Typically the first stage is destroyed during impact with the water(or ground). The Shuttle SRBs were generally recovered undamaged, but relied on large parachutes and were towed back using a specialized ship.
SpaceX Grasshopper avoids either destroying the first stage, or a labor intensive and expensive recovery process.
No, but I'm sure I read that right and the machine existed.
> I thought the SRB segments are quite structurally strong and the parachutes quite large and effective.
They are, but the stresses are large, the diameter is large, and the requirements quite stringent. If a casing is out of round by a small fraction, this might still cause the o-rings to not be pressed against the casings tightly enough.
I imagine that's a factor, but it's primarily the fact that sea water is really hard on the delicate parts of the rocket due to corrosion and mineral deposits.
There was an SSTO proposal from the 1970's that did involve building a huge splashdown lake. That proposal also used vertical landing, however. (The craft was so large, landing gear would've been prohibitive, so the whole thing just floated.)

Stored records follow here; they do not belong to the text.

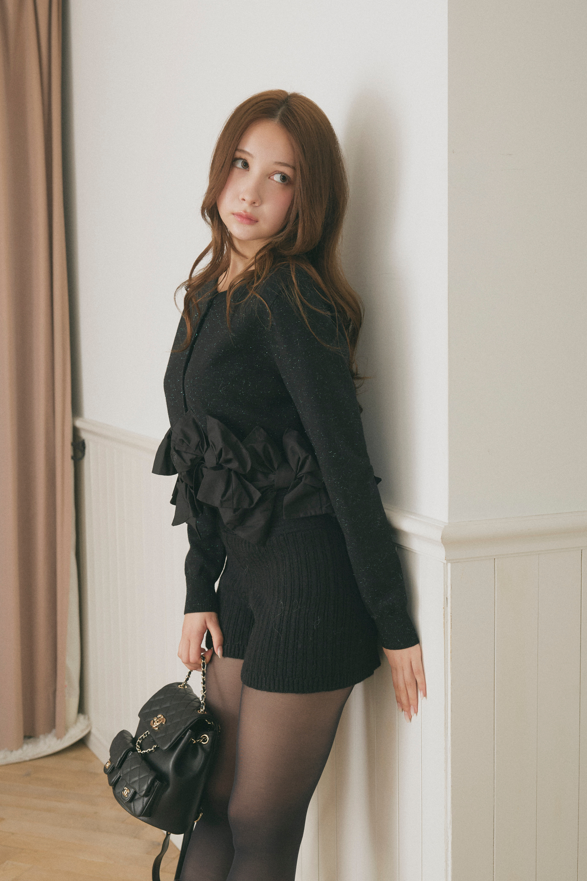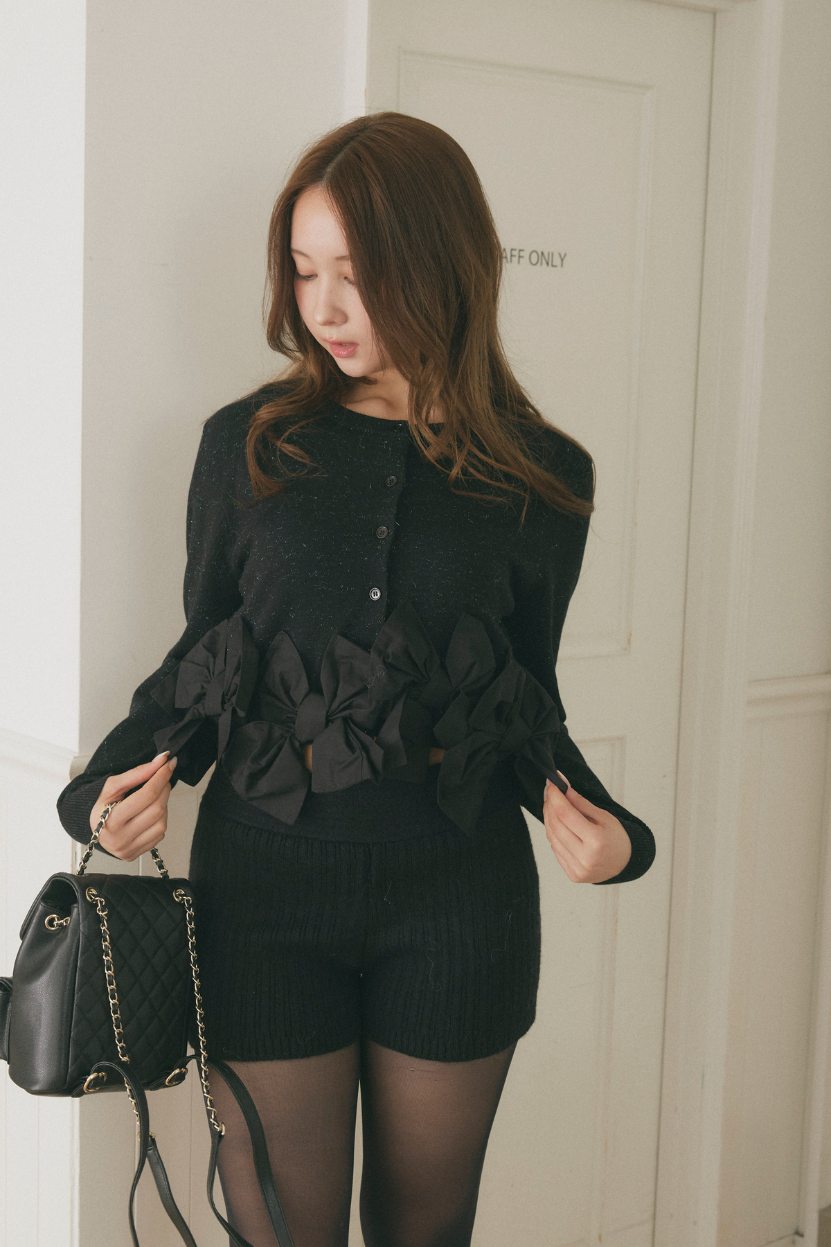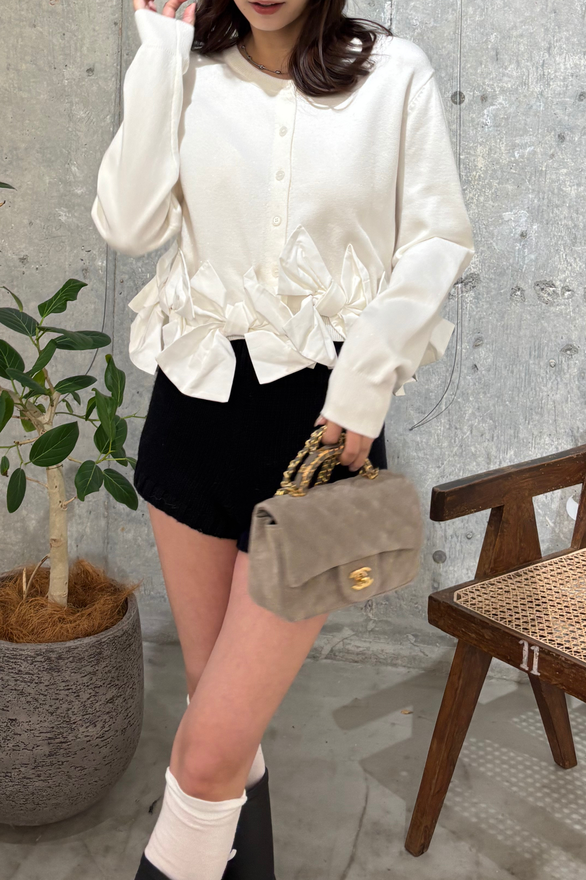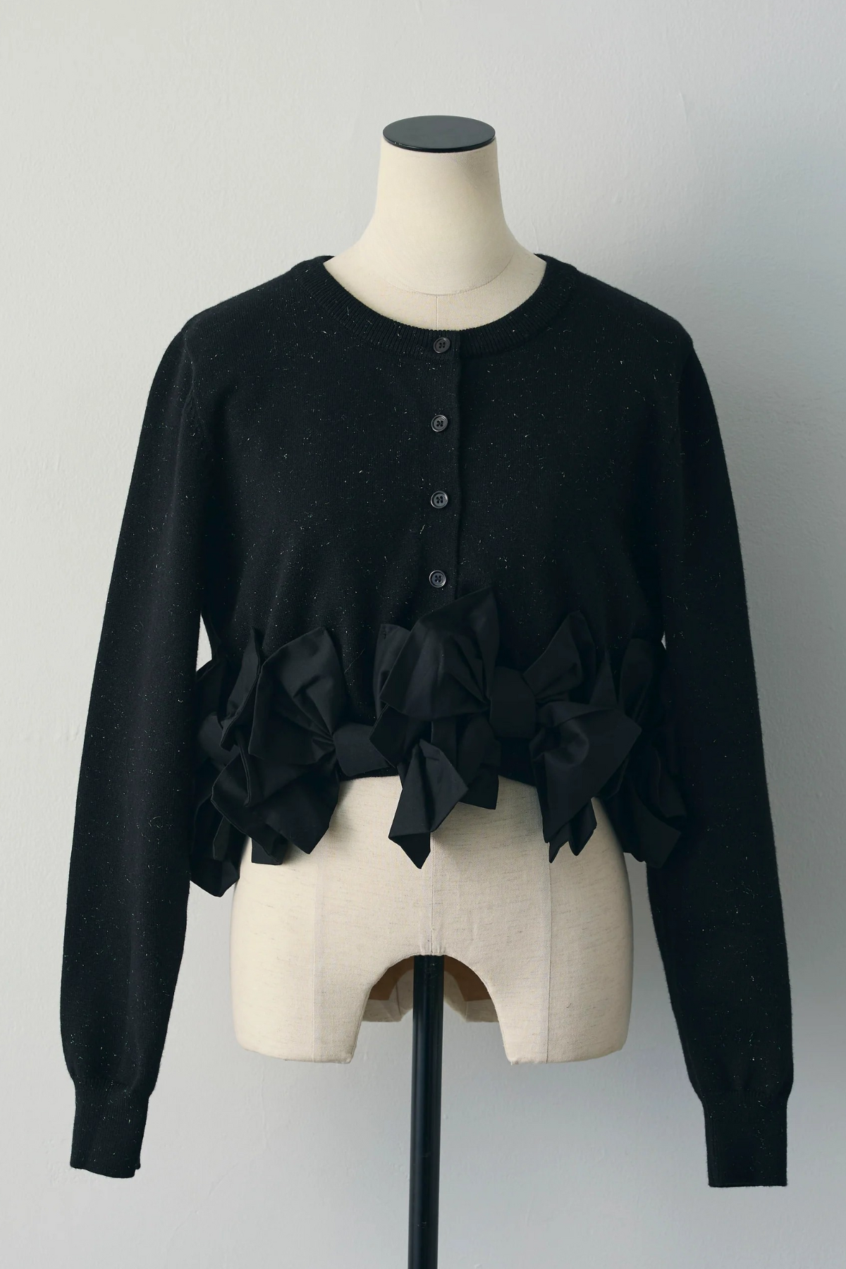 裾にあしらった立体的なリボンディテールが目を惹く、華やかな印象のニットカーディガン。
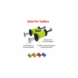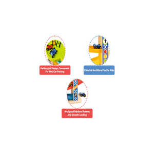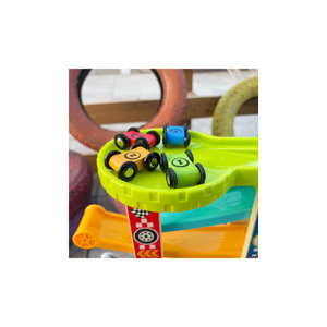 This Open Ended Rolling Ramp Racer includes a 6-ramp race track, a parking lot at the top of the structure, and 4 wooden mini toy cars, each with a different color and number. The colorful ramps, installed at angles, allow cars to descend smoothly and excitingly; two ramps have an adjustable slope that the child can control to increase or decrease the speed of the vehicles. The car wheels are made of sturdy plastic and are securely attached to the bodies of the cars by permanently joined axles. The vibrant colors increase the fun and stimulate children visually to engage them better in their game. This toy helps kids improve their hand-eye coordination, motor skills, and problem-solving abilities. It also boosts their imagination, creativity, focus, and social skills. The playset is mainly pre-assembled; only the parking lot is to be installed. Made of quality wood and sturdy plastic with smooth edges and painted with non-toxic water-based paint for increased safety. Suitable for kids 18 months and older.
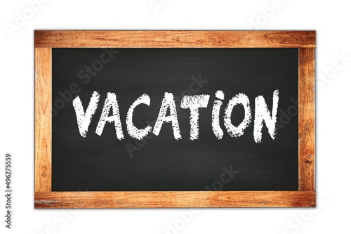Fototapeta premium VACATION text written on wooden frame school blackboard.
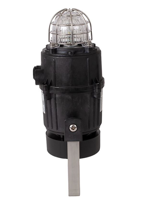 855XC Hazardous Location Beacon/Horn Combo, Black, 1/2 Inch NPT/M20 Conduit Entrance, 230V AC 50/60Hz, LED Beacon & Radial style Horn 110dB @ 1 meter/45 Tones, 3 Stages, Clear
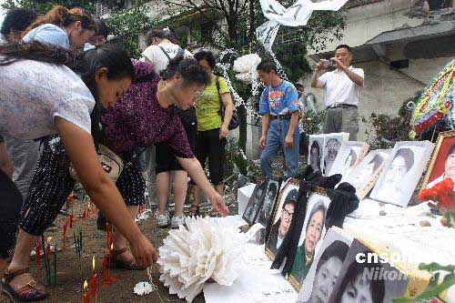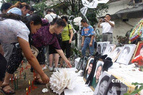 圖:志愿者祭奠北川中學遇難學生

http://www.youtube.com/watch?v=wv9n9Casp1o
This is important, as in practice only turbopump rockets have enough performance for orbital uses. If it can routinely and safely land vertically, then it's very easy to build a reusable first stage out of this.
If everything works out, a reusable Falcon could fly every few days: Ideally you'd just refuel and go again, like an airplane.
In this first generation though I expect a lot of maintenance and handwork by lots of people every flight.
This will require a whole ecosystem too: low maintenance satellites that can be slapped on the rocket and launched at any time. Otherwise very flexible operations too like low overhead range and radar tracking sevices, safety zones etc.
If the rocket can abort and land in case of problems, and demonstrates good safety by flying a lot, then a lot of safety criteria can be relaxed, which should enable better flexibility.